然后，当我使用参数 14.26 和 14.48 运行程序时，我得到了输出：

$ ./change 14.26
You have entered:  14.26
Invalid change (2.288818e-07)
Amount of $10: 1
Amount of $1: 4
Amount of $0.25: 1
Amount of $0.01: 1
$ ./change 14.48
You have entered:  14.48
Invalid change (9.999549e-03)
Amount of $10: 1
Amount of $1: 4
Amount of $0.25: 1
Amount of $0.10: 2
Amount of $0.01: 2
$

请注意，错误消息包含换行符。该子句也终止了循环。我可能应该设置一个标志来指示存在错误并抑制更改的输出。14.26 的计算是正确的，但 14.48 的计算是空头一美分。
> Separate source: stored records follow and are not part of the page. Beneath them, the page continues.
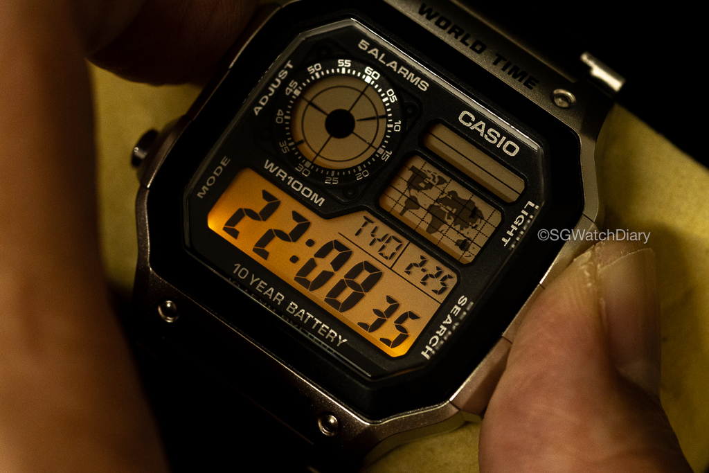 The display looks confusing at first but when taken a closer look, they are actually segregated neatly into “sections” with the time, date and country at the bottom, the analog seconds hand on the top left and the world map towards the top right of the watch. As a Casio Illuminator, there is LED backlight (with selectable illumination duration) bright enough to see the time at the press of the button on the top right corner. That orange, or amber, backlight it was what we used to have back then as a kid and will like try to see if it can shine like a torchlight.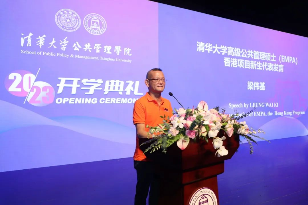 2023级PP电子高级公共管理硕士(EMPA)香港项目新生代表梁伟基发言。梁伟基同学现任香港警务处高级警司,他表示非常荣幸能够和来自香港五个纪律部队的伙伴在清华园内学习。他希望在学习中增补知识,修身立德,达致校训中“自强不息 厚德载物”的君子之道,实现院训中的“明德为公”精神,牢记习近平主席视察香港特别行政区时提出的四点希望,实现民族、国家和香港的更大辉煌。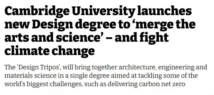 11月初,剑桥大学通过官网公布全新的四年制本硕联合课程——Design Tripos。该学位课程,首次将该校国际领先的三个专业:建筑、工程和材料科学整合到一个学位中,希望为世界培养能解决社会、环境和人类可持续发展等最紧迫挑战的顶尖人才。

如您所见，我的诊断打印出导致问题的值，因此很明显 14.26 剩余的金额很小，而 14.48 的剩余金额不到 1 美分。

使用数组和整数，您可以编写：

#include <stdlib.h>
#include <stdio.h>
#include <math.h>

int main(int argc, char *argv[] )
{
    for (int n = 1; n < argc; n++)
    {
        double input = atof(argv[n]);
        int    cents = (100 * input + 0.5);
        printf("You have entered: %6d.%.2d\n", cents / 100, cents % 100);
        int denom[] = { 2000, 1000, 500, 100, 25, 10, 5, 1, 0 };

        for (int i = 0; denom[i] != 0 && cents > 0; i++)
        {
            if (cents >= denom[i])
            {
                int count = cents / denom[i];
                cents = cents - count * denom[i];
                printf("Amount of $%2d.%.2d: %i\n", denom[i] / 100, denom[i] % 100, count);
            }
        }
    }

    return 0;
}

输出：

$ ./change 14.48 14.26 14.47 14.31  14.00  20 10 5 1 0.25 0.10 0.05 0.01
You have entered:     14.48
Amount of $10.00: 1
Amount of $ 1.00: 4
Amount of $ 0.25: 1
Amount of $ 0.10: 2
Amount of $ 0.01: 3
You have entered:     14.26
Amount of $10.00: 1
Amount of $ 1.00: 4
Amount of $ 0.25: 1
Amount of $ 0.01: 1
You have entered:     14.47
Amount of $10.00: 1
Amount of $ 1.00: 4
Amount of $ 0.25: 1
Amount of $ 0.10: 2
Amount of $ 0.01: 2
You have entered:     14.31
Amount of $10.00: 1
Amount of $ 1.00: 4
Amount of $ 0.25: 1
Amount of $ 0.05: 1
Amount of $ 0.01: 1
You have entered:     14.00
Amount of $10.00: 1
Amount of $ 1.00: 4
You have entered:     20.00
Amount of $20.00: 1
You have entered:     10.00
Amount of $10.00: 1
You have entered:      5.00
Amount of $ 5.00: 1
You have entered:      1.00
Amount of $ 1.00: 1
You have entered:      0.25
Amount of $ 0.25: 1
You have entered:      0.10
Amount of $ 0.10: 1
You have entered:      0.05
Amount of $ 0.05: 1
You have entered:      0.01
Amount of $ 0.01: 1
$

Answer 3

你已经到了浮点运算与我们在学校所想的不太一样的地方。:-)

要input2与零进行比较，您需要使用绝对 epsilon，其值是 FLT_EPSILON 的一些小倍数。发生这种情况是因为浮点数/双精度数不能精确地表示所有值，例如double(.1) == 0.1000000000000000055511151231257827021181583404541015625. 为了解决这个问题，您需要确定您的数字何时“足够接近”为零。